I assume that is without tax, holiday, sick days, super, drycleaning, and every other benefit taken out.

And you guys claim Qantas management is full of **** and make up numbers.

As an A330 S/O starting in 2007 the base was $85000.
Another S/O I know on the 747 got close to $160 000 last year. So he made nearly $100 000 in allowances.

Yep, your pay is not excessive.

So, what's your beef? You're obviously out to prove something... How much tax do they pay up in CX? Took me 10 years to crack 160 @ QF, then the tax man robs me of a fair chunk of that to pay for baby bonus' and whatnot.
apples, oranges and all that.... :rolleyes:

ALAEA Fed Sec
7th Jun 2011, 23:51
The Engineers I know who work at CX have got sizeable yearly bonuses as well.

nitpicker330
7th Jun 2011, 23:52
Irrelevant.

I'm based and I get the same money as a QF A330 skipper and without any expat allownances AND I pay full tax.

I have a veery good mate of mine on the 744 with QF as a SO that pulled in 160k easily every year after only 5 or 6 years.
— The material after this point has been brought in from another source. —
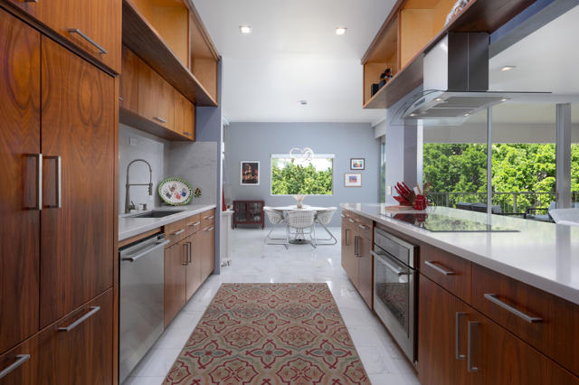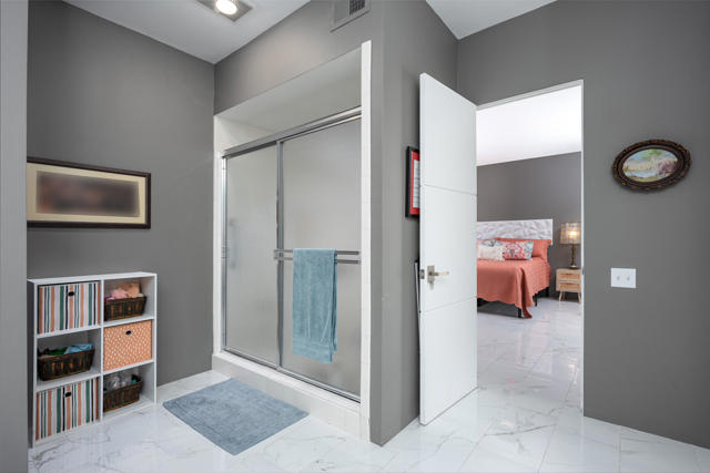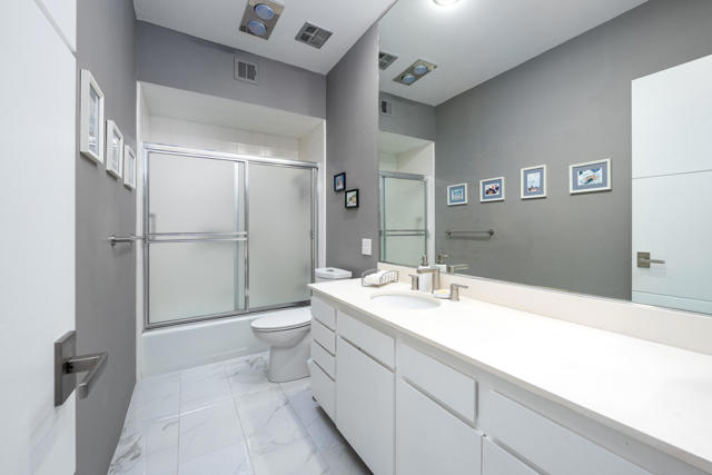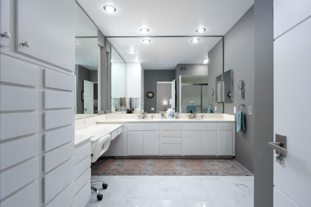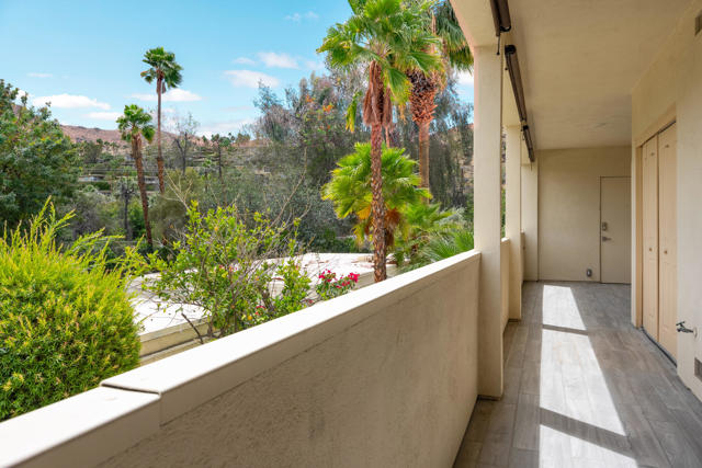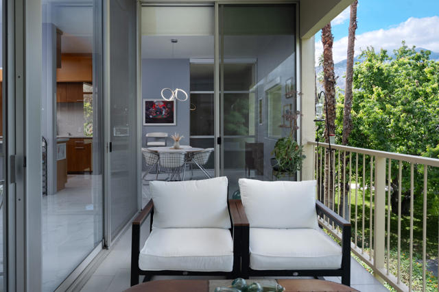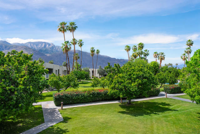 Set within the iconic Seven Lakes Golf and Country Club, this upper-level residence captures sweeping, park-like, greenbelt views and an effortless sense of openness.The two-bedroom, two-bath layout is thoughtfully designed, with an airy open plan finished in porcelain tile flooring that extends throughout the living spaces.The reimagined kitchen is finished with warm walnut cabinetry including a paneled refrigerator, stainless appliances and a generous breakfast bar. It flows seamlessly into an expansive dining area and living room, where a striking textured accent wall creates a sophisticated focal point. Floor-to-ceiling glass and sliding doors invite natural light while opening to a large covered patio and its magical San Jacinto mountain views, reinforcing the home's indoor-outdoor connection.Both bedrooms offer direct access to a private rear patio, facing the iconic Southridge estates There you'll find the convenient full size laundry area. The primary suite features dual closets--including a walk-in--and an en-suite bath with double vanities, a spacious shower, and abundant built-in storage. The guest bedroom, also with a walk-in closet, is positioned near a well-appointed bath.A private two-car garage adds convenience, while the home's location places you moments from the community's largest pool and the renowned William Cody Clubhouse, offering dining, lively social spaces, and views across the Ted Robinson-designed golf course. Within this 24-hour guard-gated enclave, residents enjoy a secure, amenity-rich environment--ideal as a full-time residence or a tranquil desert retreat.

A SO in CX would only ever dream of that including any expat allowances and reduced tax.

Anyway don't get me wrong, I wish you guys all the best with your fight against the rot of AJ. I hope you all get a pay rise because CX compare us to you guys......... We need a target too!!

slice
7th Jun 2011, 23:53
nitpicker 330 - they were not saying Cathay crew get paid far more than QF crew, just correcting the mindless drivel that The sh1t shovel was posting.

Metro man
8th Jun 2011, 00:22
Remember any Australian pay rates look good from outside due to the strong Aussie dollar which skews the picture a bit at the moment.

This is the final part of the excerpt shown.